Milan: 10 Free Things to do
Milan – the fashion capital is associated with glamor and rich style. And yes, expensive shops can be found everywhere in the center. And there are places where you can buy a bag that costs as much as a round the world trip. This, of course, shouldn’t stop you from exploring the city, because my Milan was a bit different and way more budget friendly. I wanted to see what it is to live there. From my two week experience – here are some of the free things you can do as a tourist.
Start your budget trip to Milan with a free tour. As most of the big cities in Europe, Milan also has a free tour that you can join on your first day of exploring. I am a big advocate of this type of tours (read our article about the benefits of free tours), but when I was in Milan for the first time, I didn’t even know about them. Next time I go, I’d definitely join. One of them starts at 10amat the Duomo Square and lasts about 3.5 hours covering most of the important sights.
Duomo di Milano
The Gothic cathedral in the center of the city that is the symbol of Milan is absolutely free to visit. If you want to take photos inside, you have to pay. A friend of mine wisely said to the staff that she will take pictures with her eyes! The main square around it is always full of tourists and a common meeting spot. From outside you will be mesmerized by the enormous white building and you will feel so small in front of it. Once inside, admire the stained glass windows and if it happens to be sunny outside you will also see the light passing through them which is breathtaking! Keep in mind that you have to be dressed properly covering your arms and legs, which means no shorts, skirts or tank tops. You also cannot carry suitcases or big bags inside. The cathedral is open daily except on Christmas and 1st May.

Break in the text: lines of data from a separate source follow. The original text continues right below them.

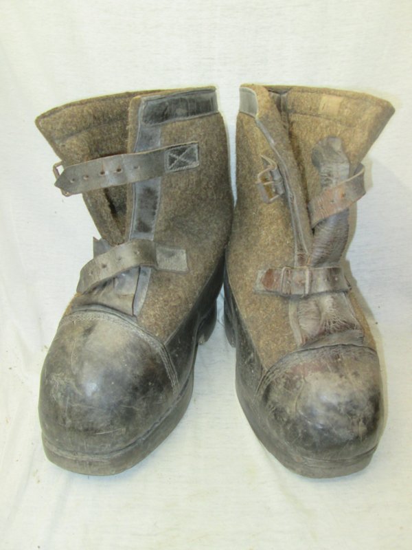 German felt and leather over boots, Duitse Wachstiefel. van vilt met een houten zool, Oostfront item zeer apart.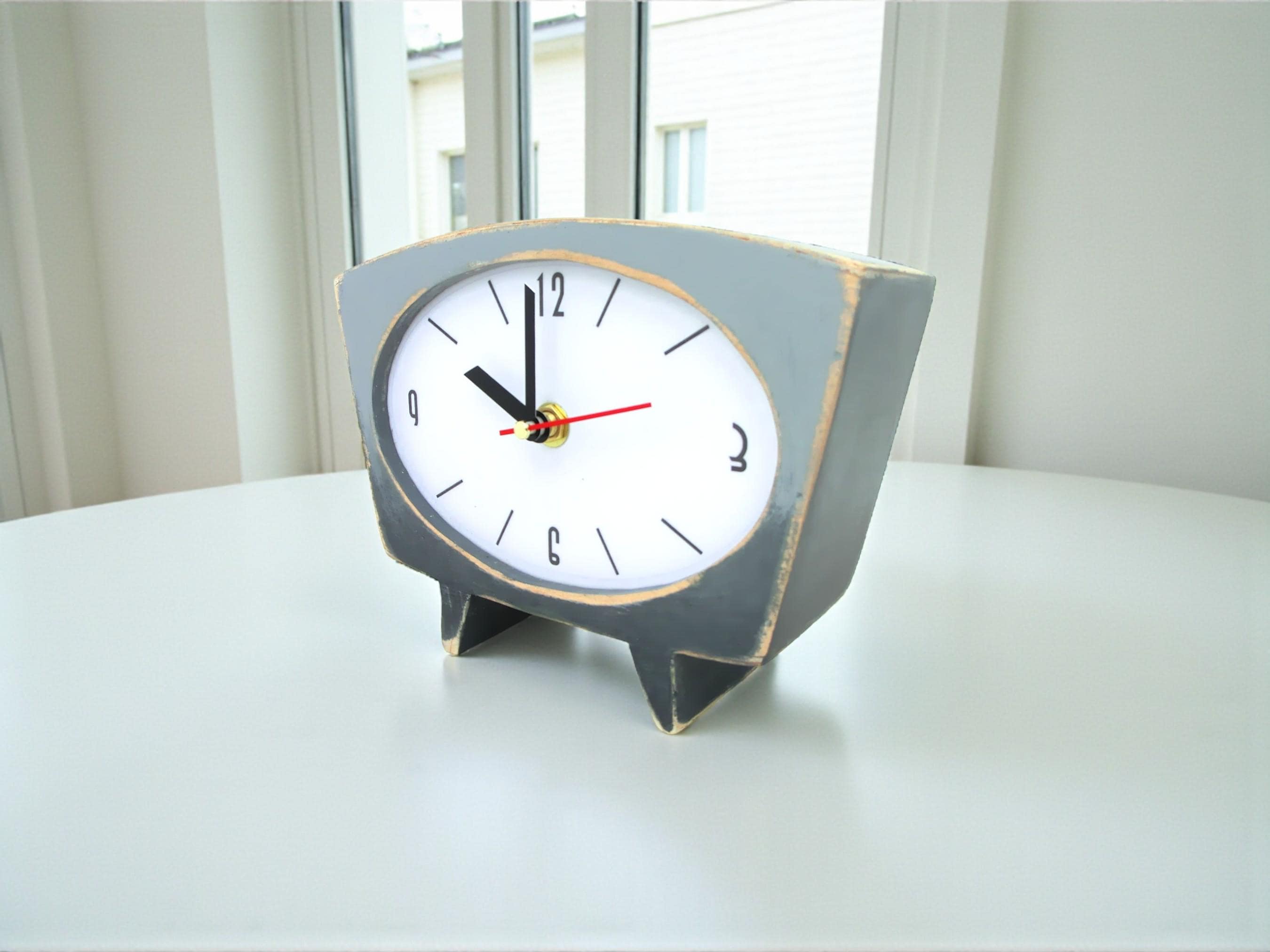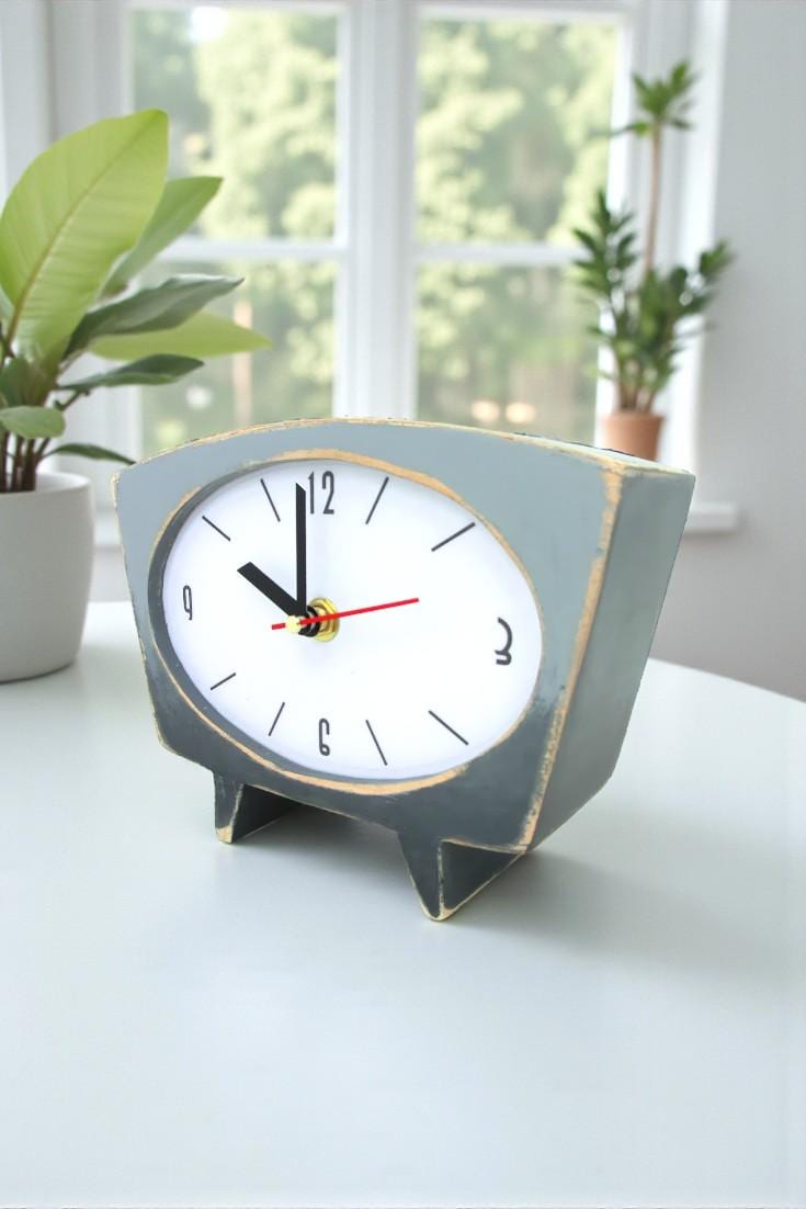 This unique, handcrafted wooden desk clock features a stunning grey ombre finish and distressed detailing, creating a vintage, farmhouse aesthetic that complements any interior. This beautiful timepiece is perfect for adding warmth and character to your living room, bedroom, or office.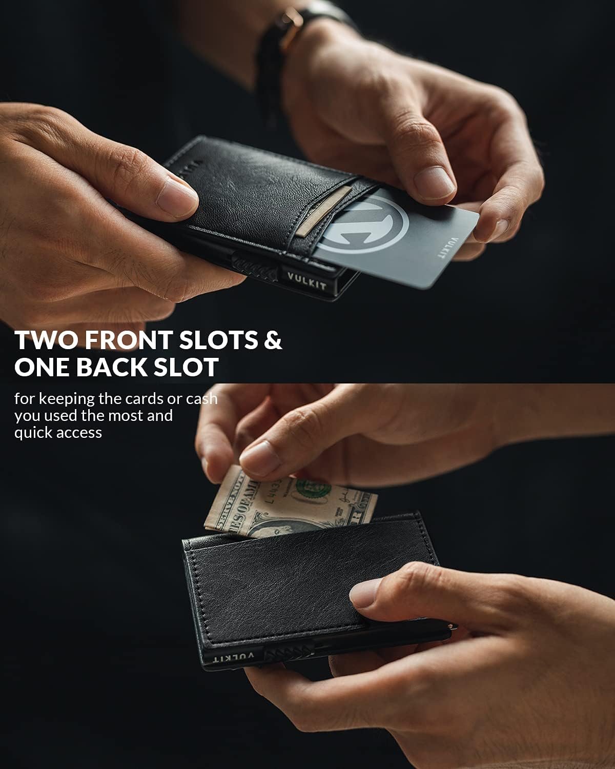 VULKIT Men's Slim Wallet Pop Up Card Holder RFID Blocking Metal Wallet Minimalist Design Holds Up to 11 Cards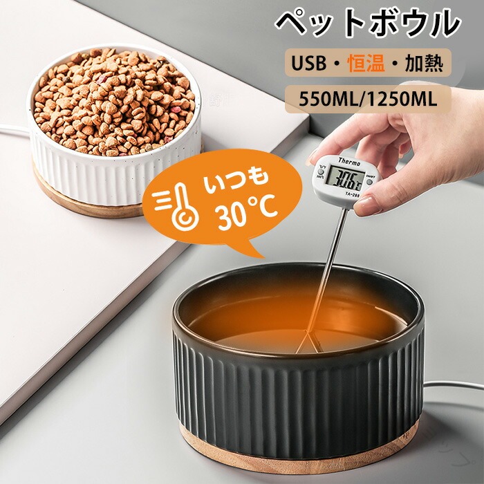 フードボウル 食器 猫 犬 ペット用加熱ボール 一体型 ペット保温ボウル usb 恒温加熱 30℃ 餌入れ 猫用ドリンクボウル セラミック 犬と猫用温水ボウル 冬季加熱 大容量 清潔 恒温温水ボウル

For some this will probably look like an odd thing to add to the sightseeing list. But the cemetery is a real gem! I found it to be so peaceful and beautiful. You can walk for hours observing the sculptures, because each of them tells a story. The story of a mother, a child, of a painter or a poet , a local, a foreigner, an Italian celebrity…
On your way there you can pass the Chinese neighborhood and its many small shops.

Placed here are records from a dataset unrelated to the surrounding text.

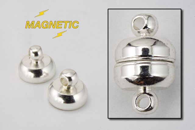 6mm x 11mm silver tone round magnetic clasp with loop on each side.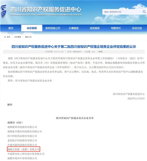 11月25日,四川省知識(shí)產(chǎn)權(quán)服務(wù)促進(jìn)中心發(fā)布《關(guān)于第二批四川省知識(shí)產(chǎn)權(quán)強(qiáng)企培育企業(yè)評(píng)定結(jié)果的公示》,通威太陽(yáng)能雙流基地憑借高質(zhì)高效的知識(shí)產(chǎn)權(quán)創(chuàng)造、運(yùn)用、保護(hù)及管理等優(yōu)勢(shì)成功入圍,成為成都市本次入選的8家企業(yè)之一。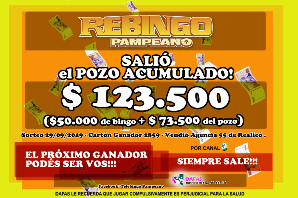 Salió el POZO ACUMULADO de REBINGO 30 septiembre, 2019 Pablo Osio Share List Atención Realicó! Salió el POZO ACUMULADO de REBINGO Cartón ganador Nº 2859 – Vendido por Agencia Oficial Nº55 de Realicó – ¡Controlá tu cartón! Sorteo realizado el domingo 29 de Septiembre de 2019.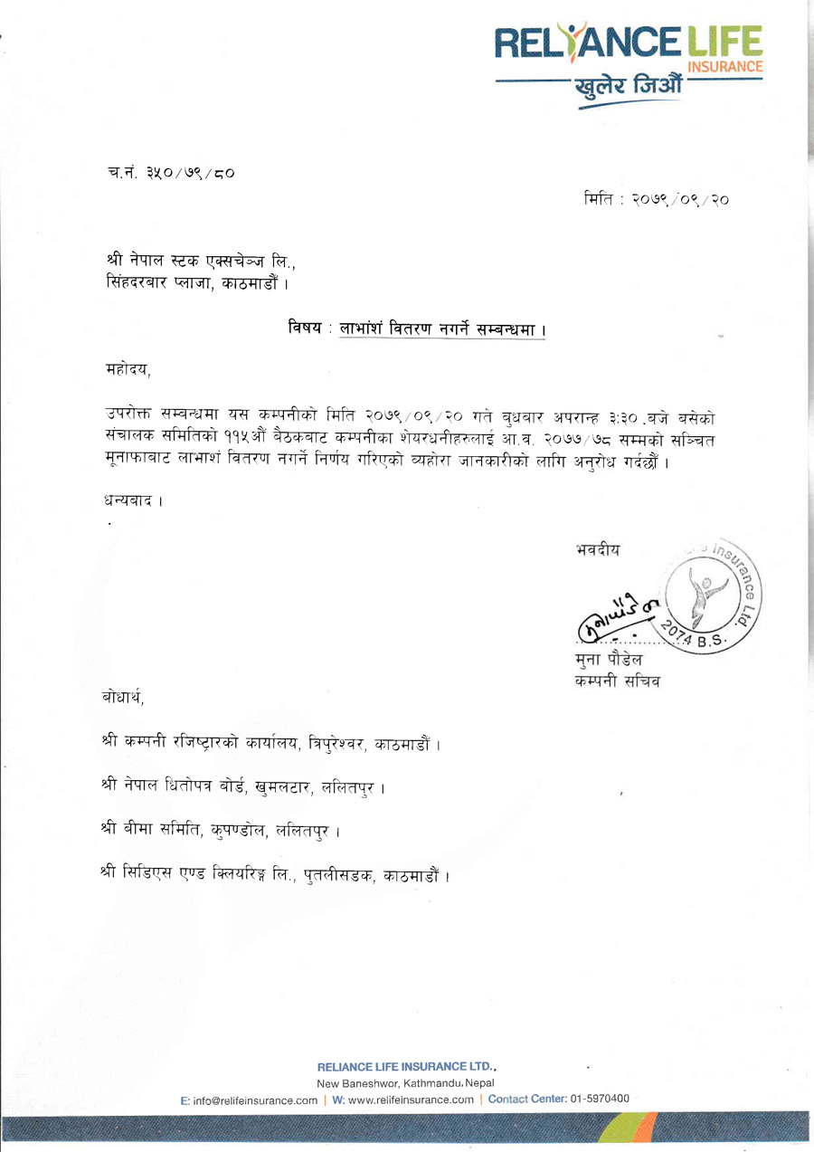 रिलायन्स लाइफ इन्स्योरेन्सद्धारा लाभांश नबाड्ने घोषणा
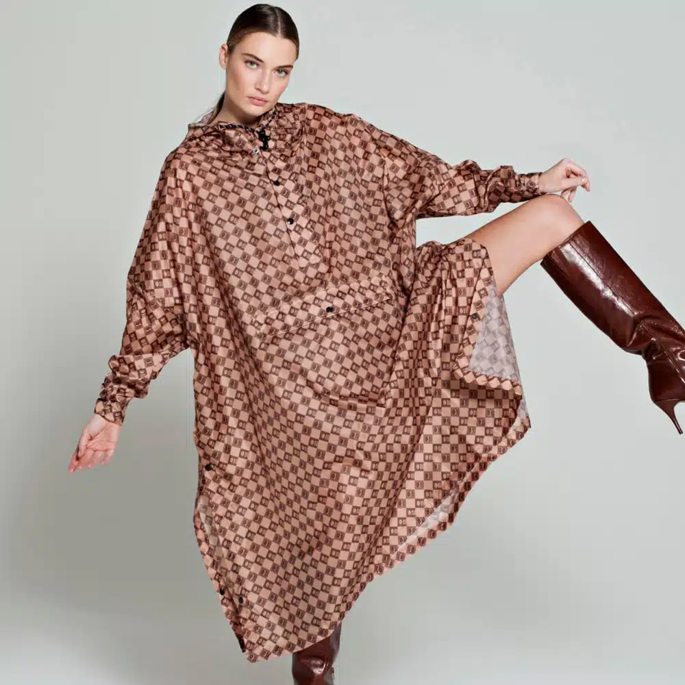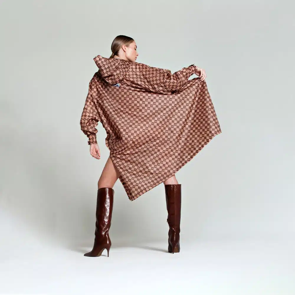 Le poncho de pluie Rainkiss Damier en marron allie sans effort fonction et élégance. Le Poncho de Pluie Damier en Marron est un mélange parfait de fonction et de style. Embrassez chaque averse dans un motif audacieux de damier marron sur marron qui ajoute de la profondeur à n’importe quel look, parfait pour les rues de la ville ou les escapades à la campagne.

It is the biggest and most popular park in the center of Milan. And because it is in the historic center, it is near most of the sightseeings. After you get tired of exploring the city, you can relax at the park or if you feel like walking more, just enjoy the greenery and fresh air. Here’s a scheduling tip: visit the Castello Sforzesco first and then the park is just a few steps away.

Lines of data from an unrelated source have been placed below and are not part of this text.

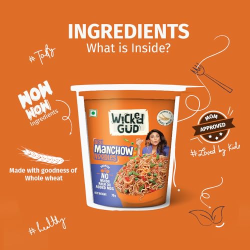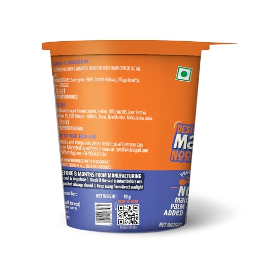 Contains No Maida No Palm Oil No added MSG and No Harmful Chemicals Made with the goodness of whole wheat Ready to eat nourishing masala cup noodles. Ready to eat in 7-8 mins. Fill the cup with hot water up to the inside line. Stir it well and enjoy healthy and nourishing. noodles. Made with a mission to unjunk India one kitchen at a time with the promise of Wicked taste and Gud ingredients
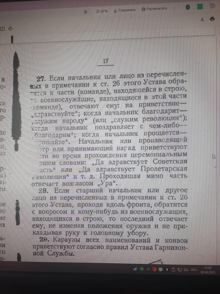 Статья 31. Если начальник здоровается с частью или отдельными военнослужащими, они отвечают –Здравствуйте! На поздравление - воинская часть (подразделение) отвечает протяжным криком "ура", а отдельные военнослужащие - "благодарю". На благодарность воинская часть и отдельные военнослужащие отвечают: "служим (служу) Советскому Союзу". На прощание - отвечают "до свидания".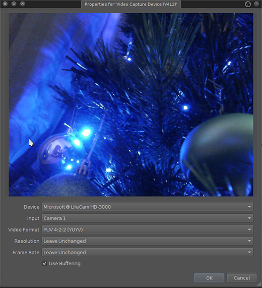 将来源添加到场景后,它将成为显示的来源。根据你使用的摄像头类型和你的预期目的地,输入和输出之间可能存在断开连接。如果是这种情况,请根据需要缩放图像,使其适合你的屏幕。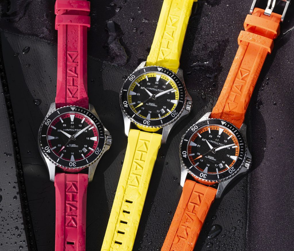 Ιδανικοί σύντροφοι για περιπέτειες στο νερό, στην παραλία, στο βυθό της θάλασσας ή σε κάποια πισίνα, τα νέα Khaki Navy Scuba Auto της Hamilton εντυπωσιάζουν όχι μόνο για την καταδυτική και μηχανική τους αξιοπιστία αλλά και για τα έντονα χρώματά τους.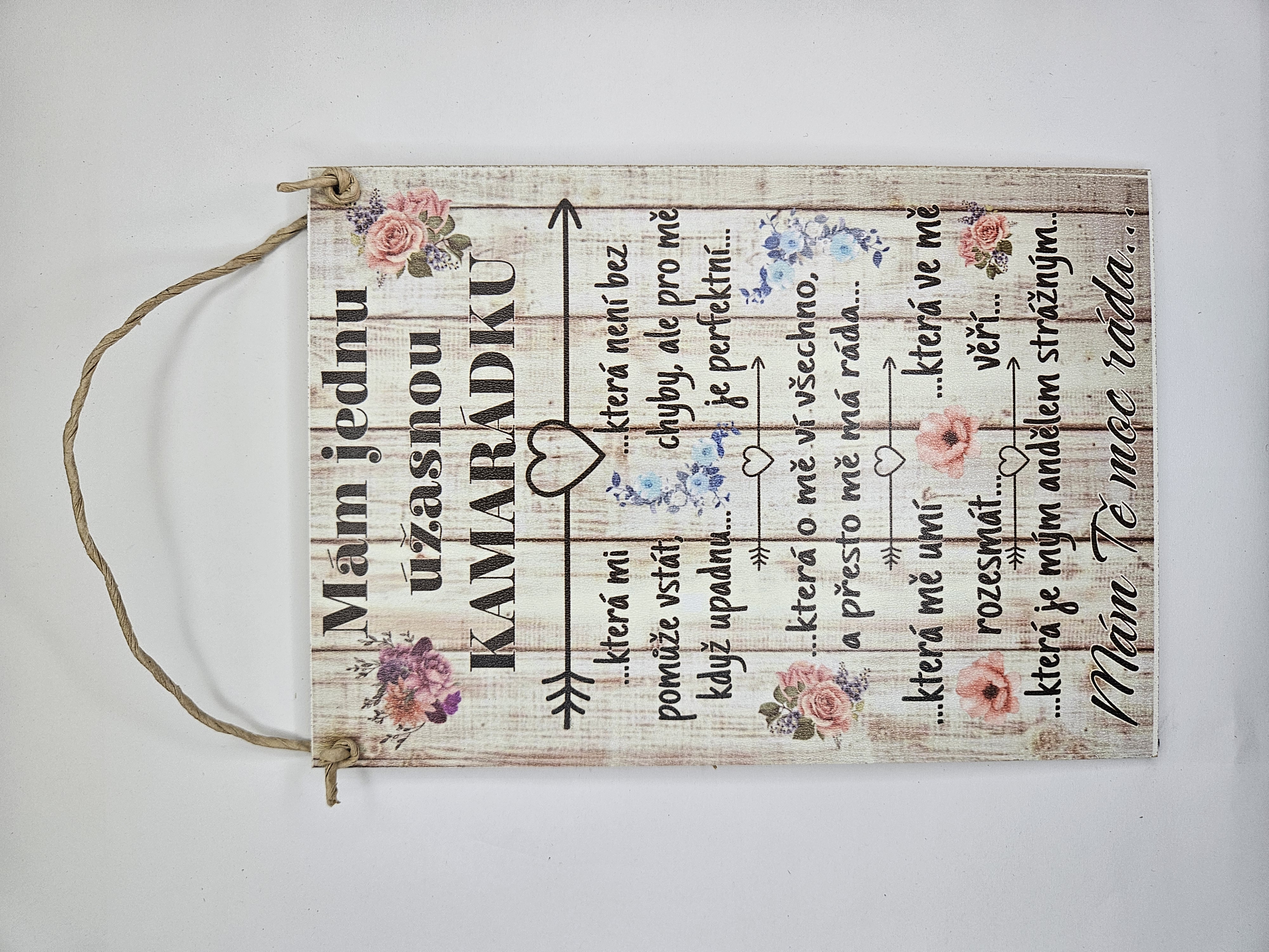 Dekorační cedule je originálním a stylovým doplňkem do vašeho interiéru. Cedule je z 3mm silné dřevovláknité desky formátu A5 (210x148mm). S provázkem na pověšení.

Apart from the fact that it is super expensive, Corso Como is actually free! How is that? This is a department conceptual store that will be heaven for fashion and design lovers. It is created more than 20 years ago by Carla Sozzani and now it has cafe, art gallery, rooftop garden, amazing bookshop and the first floor houses a vast selection of fashion design items. I’ve heard there’s also a so-called hotel in the building consisting of well…3 rooms. Most of the things that they sell of course are extremely expensive, but exploring the place, getting inspiration and observing the collections they sell is actually free. Another thing that is free is the art gallery that has great temporary exhibitions. Of course if you have a few thousands to spare, you will be even happier with the place. But then again, you wouldn’t be reading this post, right?
Another similar place is La Rinascente across the Duomo di Milano. It was founded in 1917 and has 8 floors with everything you can imagine, just to name a few – high-end fashion, interior and product design, cosmetics, food.
Colonne di San Lorenzo
You want to grab a beer but don’t know where to go to meet people? Well, you can pay 15+ euros entrance fee to join the Milanese elite in one of the rich clubs such as Cavalli or you can join the young people at the little square in front of the San Lorenzo Basilica for free. There are columns around the square that are part of Roman ruins dating back to 2nd century. In the summer evenings this place is full of people casually sitting on the floor, smoking and drinking. There are bars around it to get beer on the go. In my opinion, the best way to meet the locals. Also, the Porta Ticinese area looks like a hip place where the streets are always crowded and something interesting is happening on every corner.
Acquario Civico di Milano
If you have kids with you or if you are a kid at heart, then you will enjoy a visit of the third oldest aquarium in Europe. The aquarium is small, but well-maintained and in a beautiful building near the Parco Sempione.
Milan houses some amazing art collections. And here’s the best thing – some of the museums and galleries are free or with reduced of free admission on certain hours and days. Do your research beforehand depending on what you want to see and what kind of art you enjoy the most. Here are some suggestions:
Galleria d’Arte Moderna
Museo del Novecento
The different neighborhoods of Milan can give you a different and more complete perspective of the people and the lifestyle of the city. Take a walk or sit with a cocktail and observe the people, the street style, the behavior.
Walk along the Navigli canals especially in the evening where people are meeting with friends and drinking aperitivo, visit the Brera district for some bohemian atmosphere with a lot of bars and art shops, Porta Ticinese (as said above) is full of young people in the evenings. Quadrilatero d’Oro (The Golden Quadrangle) is a rich fashion distric formed by 4 streets that house the most expensive, renowned Italian and international fashion houses, a lot of botiques where you can find clothes, shoes, jewelry and furniture.
Get lost in the narrow streets
Milan doesn’t have that many narrow streets especially compared to other Italian cities, but still, I would recommend to leave your map and just let the streets take you somewhere. You might be surprised! This is actually a free activity to do in every city that can give you an insight on the everyday life, the culture and architecture, the overall feeling of the place.